Der EU-Kommissionspräsident versäumte es nicht, auch mahnende Worte zu sprechen. Schon einmal, vor dem Zweiten Weltkrieg, habe es einen „Weltaugenblick“, wie dies der Schriftsteller Stefan Zweig formulierte, gegeben. In solchen Momenten dürfe man weder das Falsche noch nichts tun. Daher: „Wir müssen aufstehen, wenn Gefahr von rechts sich ungehindert durchsetzt, wenn stupider Populismus und bornierter Nationalismus einen Marsch in die Zukunft antreten, den man stoppen muss, so lange dazu noch Zeit ist.“ In diesem Zusammenhang appellierte er an das derzeitige EU-Vorsitzland, dass es „gegen Unrecht rebelliert“. Denn Österreich solle auch künftig „eine Brückenbauerrolle“ einnehmen. Das kenne es schon aus der Vergangenheit.

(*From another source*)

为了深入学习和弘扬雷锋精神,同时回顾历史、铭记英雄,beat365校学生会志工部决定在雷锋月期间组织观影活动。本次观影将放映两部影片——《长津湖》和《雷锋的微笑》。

Auch im Sozialen ist ein Triple A gefragt
Juncker nutzte seinen Aufenthalt in Wien, um einen Dialog mit den derzeit europakritischen Gewerkschaften zu führen. Für sie geht es derzeit um eine Richtungsfrage, nämlich „Soziales Europa oder Freihandelszone für Konzerne“. Gewarnt wird in Hinblick auf den freien Arbeitsmarkt, dem Hereindrängen von Arbeitskräften aus Niedriglohnländern im Osten Europas, vor allem vor Lohn- und Sozialdumping. Für die Gewerkschafter steht daher die Frage im Vordergrund, was getan werden muss, um die EU vor einem „sozialen Kollaps“ zu bewahren und das soziale Gleichgewicht wiederherzustellen.

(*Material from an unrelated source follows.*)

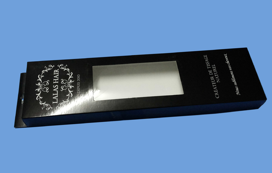 Kotak karton lipat bermerek ekstensi rambut berkilau dengan jendela

Juncker äußerte Verständnis für diese Sorgen und meinte, dass soziale Themen allzu lange „unterbelichtet“ waren. Dass sich breite Teile der Arbeitnehmerschaft vom gemeinsamen Europa entfernen würden, sie eine „gefährliche Entwicklung“. Daher sei auch auf dem Gebiet der Sozialpolitik „ein Triple A“ gefordert. Die von der EU geplante Aufsichtsbehörde ELA, um deren Sitz sich Österreich bemüht, soll daher kontrollieren, ob Mindestlöhne und Sozialstandards in den Mitgliedsstaaten eingehalten werden. Der Vorschlag liegt schon länger auf dem Tisch und der Ball damit beim Rat. Worauf Juncker noch den zarten Hinweis fallen ließ, dass Österreich ja derzeit den Ratsvorsitz innehat und Einfluss auf die jeweiligen Tagesordnungspunkte nehmen kann.